(Entries shown Opens)
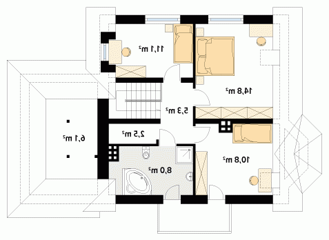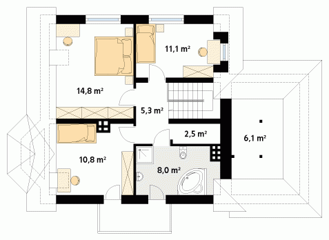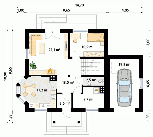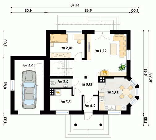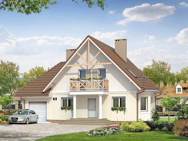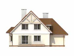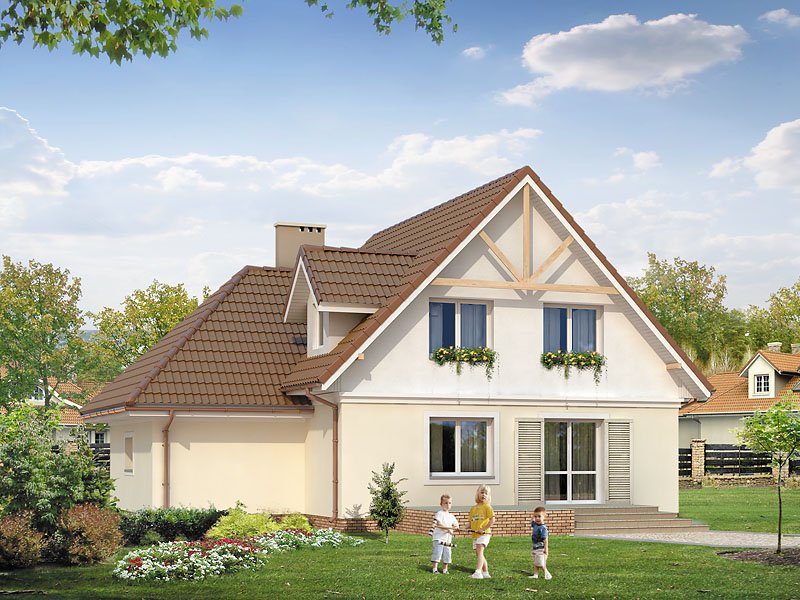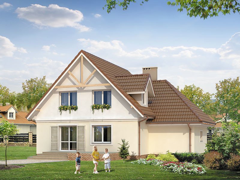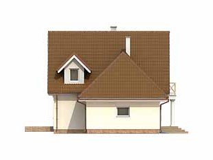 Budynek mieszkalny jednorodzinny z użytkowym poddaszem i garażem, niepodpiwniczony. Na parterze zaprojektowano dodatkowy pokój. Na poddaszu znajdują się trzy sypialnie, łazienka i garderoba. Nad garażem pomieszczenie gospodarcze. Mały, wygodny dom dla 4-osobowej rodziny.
(Entries shown Closes)
(Entries shown Opens)
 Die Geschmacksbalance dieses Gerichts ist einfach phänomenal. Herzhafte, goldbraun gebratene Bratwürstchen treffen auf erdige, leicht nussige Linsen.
(Entries shown Closes)
(Entries shown Opens)
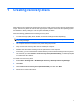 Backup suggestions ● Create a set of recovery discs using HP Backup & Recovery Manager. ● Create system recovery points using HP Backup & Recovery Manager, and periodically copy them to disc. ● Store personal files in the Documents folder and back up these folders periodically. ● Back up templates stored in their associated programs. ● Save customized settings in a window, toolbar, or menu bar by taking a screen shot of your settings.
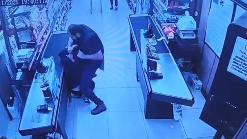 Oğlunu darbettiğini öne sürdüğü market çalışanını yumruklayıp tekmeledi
(Entries shown Closes)
## Your objective
Above are the records; restate exactly the lines from the one containing "Backup suggestions ●" through the one containing "Oğlunu darbettiğini öne", keeping pictures out.

## Result for this task
 Backup suggestions ● Create a set of recovery discs using HP Backup & Recovery Manager. ● Create system recovery points using HP Backup & Recovery Manager, and periodically copy them to disc. ● Store personal files in the Documents folder and back up these folders periodically. ● Back up templates stored in their associated programs. ● Save customized settings in a window, toolbar, or menu bar by taking a screen shot of your settings.
 Oğlunu darbettiğini öne sürdüğü market çalışanını yumruklayıp tekmeledi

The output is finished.